Ese cerco representa protección divina, cobertura y presencia de Dios.
Job vivía dentro de la embajada del cielo.

Este mismo principio se ve cuando Saúl intenta capturar a David.

1 Samuel 19:20 (RVR1960):
“Y cuando vieron una compañía de profetas que profetizaban, y a Samuel que estaba allí y los presidía, vino el Espíritu de Dios sobre los mensajeros de Saúl, y ellos también profetizaron.” (En la embajada del reino, predomina la cultura del reino).

Los hombres de Saúl llegaron con intención de arrestar a David, pero al entrar en la atmósfera de la presencia de Dios, la intención cambió.
La presencia transformó el ambiente.

Cuando la cultura del Reino se manifiesta, los enemigos pierden autoridad.

Esto explica algo que Pablo también menciona:

1 Corintios 14:25 (RVR1960):
“Postrándose sobre el rostro, adorará a Dios, declarando que verdaderamente Dios está entre vosotros.”

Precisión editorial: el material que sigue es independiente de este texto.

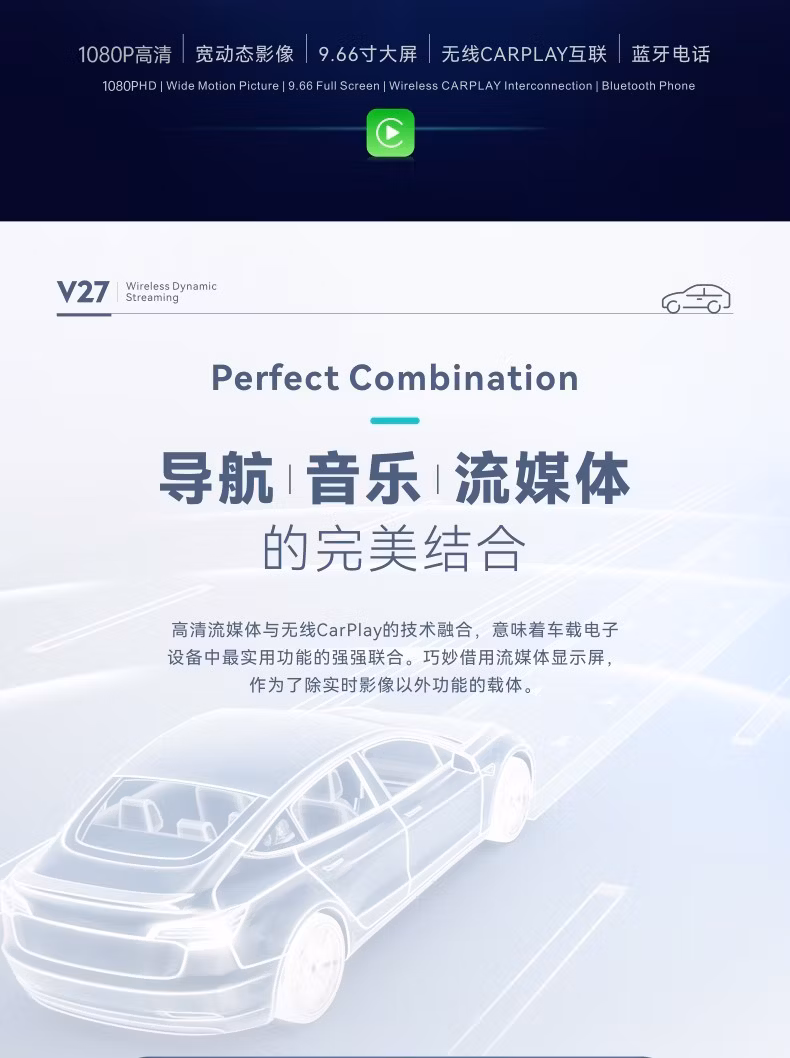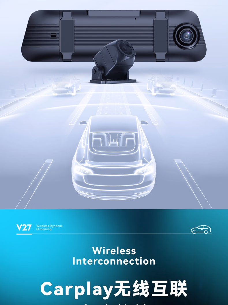 商品名称:第一现场无线投屏车载智能流媒体行车记录仪V27,前后1080P高清双录,24小时停车监控,语音交互 官方标配+64G内存卡

Cuando la presencia de Dios llena el lugar, la acusación se transforma en convicción.

Esto nos recuerda el momento cuando Jesús confrontó a los acusadores de la mujer.

Juan 8:10 (RVR1960):
¿Dónde están los que te acusaban?

Cuando Cristo gobierna el ambiente, la acusación pierde poder.

Un embajador del cielo entiende tres puntos fundamentales:

  • No pertenece a este sistema.

  • Representa un Reino superior.

  • Vive bajo la protección del cielo.

Por eso Pablo pudo declarar:

Filipenses 3:20 (RVR1960):
Mas nuestra ciudadanía está en los cielos.

Quizas sientes que está en una cárcel espiritual.
Tal vez hay cadenas de miedo, acusación, pecado o desesperanza.
simplemente se cayeron.
Pero recuerda lo que ocurrió con Pedro: las cadenas NO tuvieron que romperse, simplemente se cayeron.

Porque cuando el cielo interviene, lo que te ataba pierde su autoridad.

Y hoy el Espíritu Santo sigue haciendo la misma pregunta: ¿Dónde están los embajadores del cielo?
Los que no viven según este sistema, los que representan el Reino, los que caminan bajo la cobertura de Dios.

Porque cuando un embajador del cielo se levanta, las cadenas se caen, los enemigos se confunden y el Reino de Dios se manifiesta.